Political endorsements will not “save” our unions or the working class. But a struggle over internal democracy inside our unions such as the one that has erupted in the American Federation of Teachers (over its early preemptive endorsement of Hillary Clinton — ed.) can build rank-and-file power.

Our job as socialists in the labor movement includes a strategy of fostering cracks in labor’s slavish alignment with the Democratic establishment. A fissure in terms of a Sanders endorsement is a good thing. We are not indifferent to this fight. A mass, independent working class party will not be created in this country without the activity of the labor militants who are supporting the Sanders campaign.

This is also the milieu of labor activists that grasp the necessary task of building the political capacities of workers — something far beyond the scope of any electoral insurgency.

The Movement We Need

We should embrace movements and mobilizing efforts around specific demands that grow out of the Sanders campaign. There is now a call by young people activated by the campaign for a million student march on Washington this fall, building on Sanders’ call to make public universities and colleges tuition free.

We have yet to see the emergence of a large-scale challenge to austerity and a clear working-class political alternative at the national level. An effective politics that can win and implement a left program requires an organizational infrastructure and political culture that does not exist right now. With a lack of ongoing, successful independent left politics, we have to contend with the reality that anger at the corporate control of politics reflects itself in vague populism and often within the Democratic Party.

We recognize that electoral initiatives like those of Kshama Sawant in Seattle, the late Chokwe Lumumba in Mississippi, the Vermont Progressive Party, the Richmond Progressive Alliance, United Working Families in Chicago, Howie Hawkins’ Green Party campaign and others, while they have their limitations and problems, represent a challenge to the hold of the Democratic Party establishment. We support efforts to run pro-worker and labor candidates as independents or on the ballot line of non-corporate parties.
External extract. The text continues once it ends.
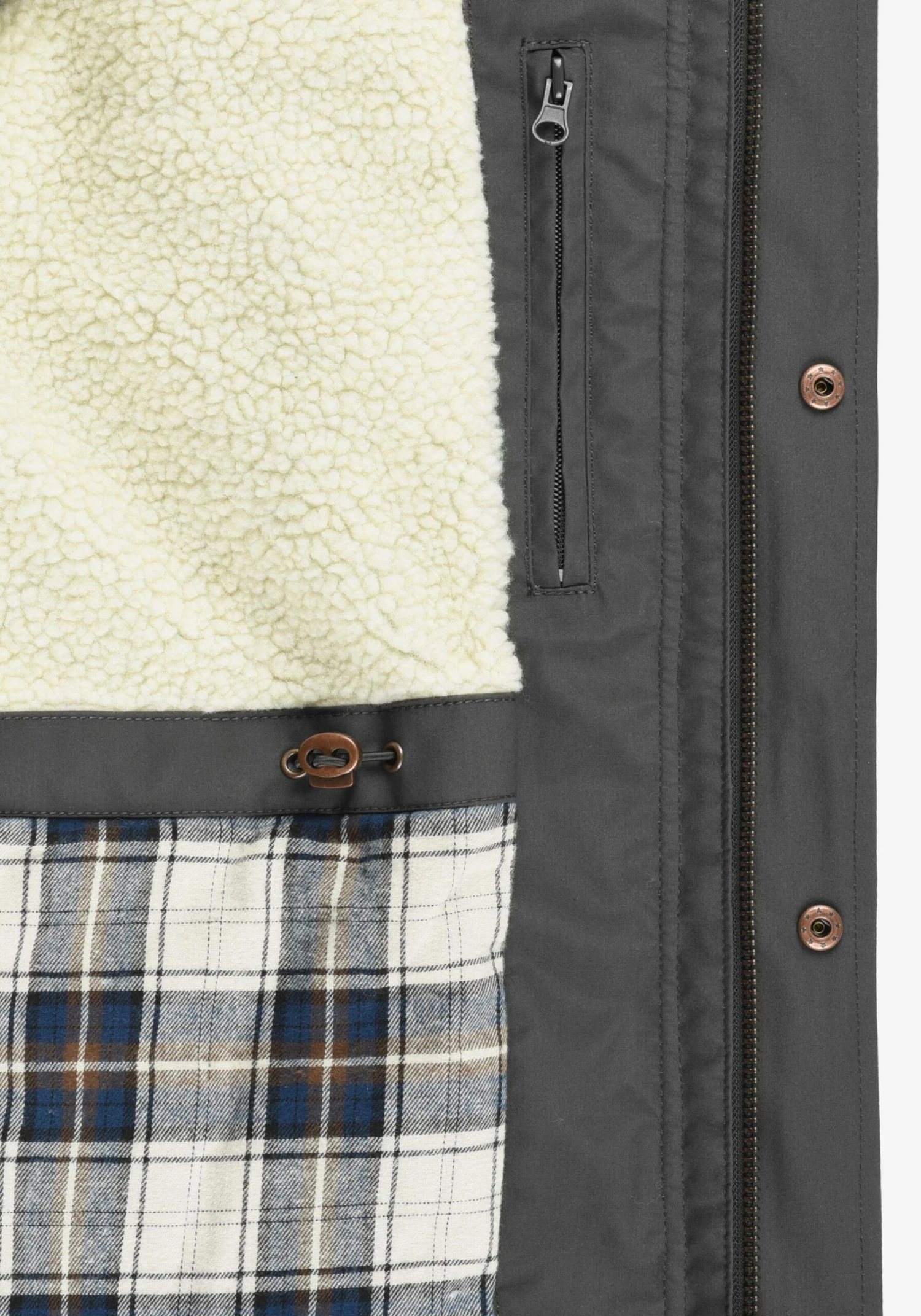 EffenGevoerde capuchonCapuchon met opstaande kraagCapuchon met trekkoordVerborgen ritsBorstzakBinnenzakOpzet-/flapzakVerstelbare tailleLabel patch/label flagWarm gevoerd
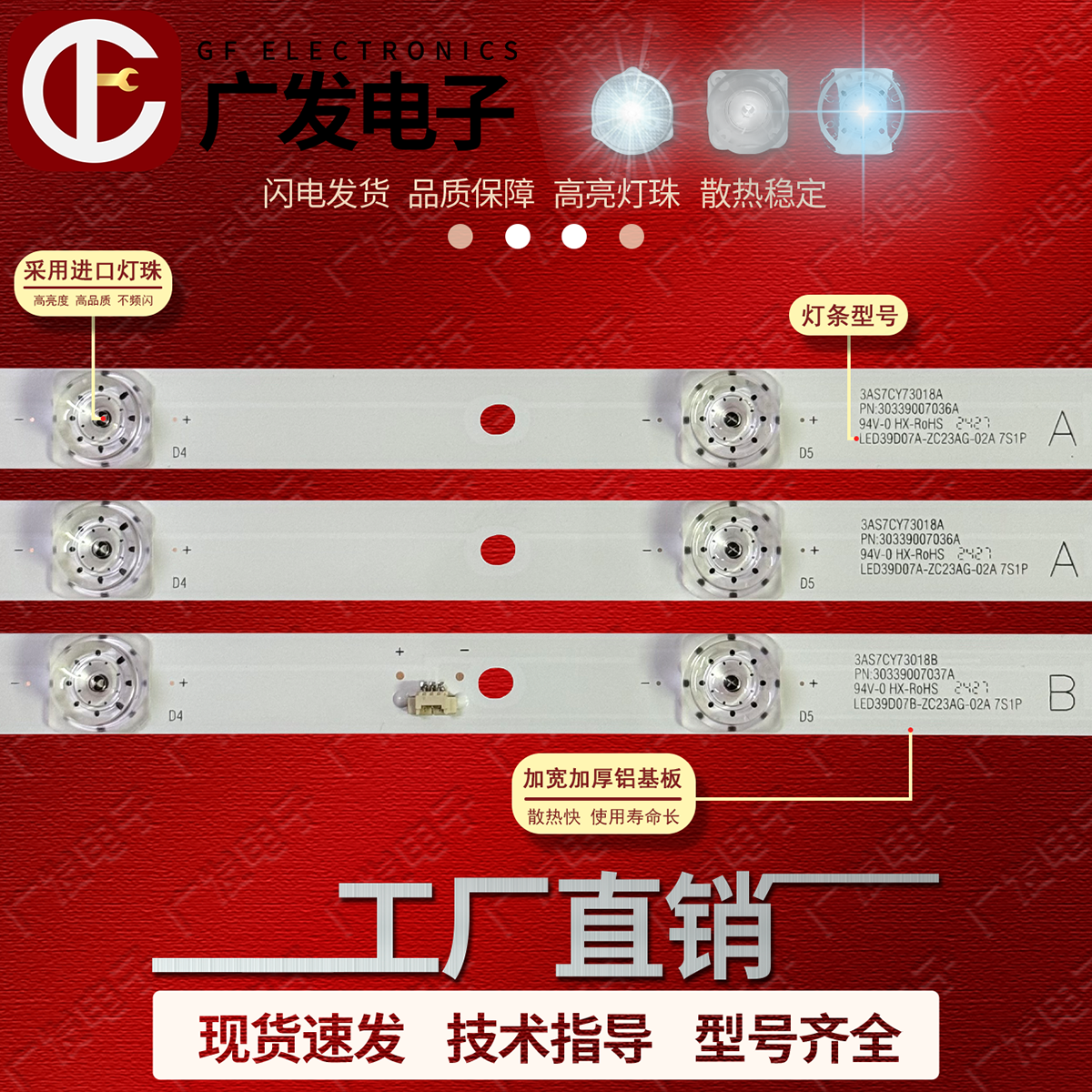30339007036 02A 3033900 ZC23AG 适用海尔摩卡40A6灯条LED39D07A

We are interested in working with people who are attracted to a campaign that warns: “The best president in the history of the world …will not be able to address the major crises that we face unless there is a mass political movement, unless there’s a political revolution in this country.”

We should emphasize Sanders’ call for building an ongoing movement beyond this election cycle. Yes, we do not expect the Sanders campaign itself to build lasting grassroots organization. The ball is in our, broadly defined, court.

We should seize this potential organizing opportunity, reaching out to people excited by the Sanders campaign with the message, “Let’s not waste this moment where folks are coming together around an anti-corporate, anti-austerity program by ending with the whimper of voting for Hillary and calling it a day. Let’s build up our power.” The tragedy would not be so much people pulling the lever for Clinton, but dissipating and disbanding this mass outcry, having nothing to show for our bottom-up efforts.

Jesse Jackson, despite winning eight million votes in 1988, chose to demobilize the ostensibly independent Rainbow Coalition organization after losing the Democratic nomination so no ongoing coalition went on to continue working around issues of economic and racial justice after the campaign ended.

This time, the left should urge Sanders supporters to keep the fight going through joining anti-austerity struggles, social movements or building local, multi-racial coalitions, including independent electoral infrastructures, that live on well after the presidential campaign.

We agree with Howie Hawkins when he says:

“We should talk about why independent politics is the best way to build progressive power, about the Democratic Party as the historic graveyard of progressive movements, and about the need in 2016 for a progressive alternative when Sanders folds and endorses Clinton. I don’t expect many will be persuaded to quit the Sanders campaign before the primaries. But I do expect that many of them will want a Plan B, a progressive alternative to Clinton, after the primaries.”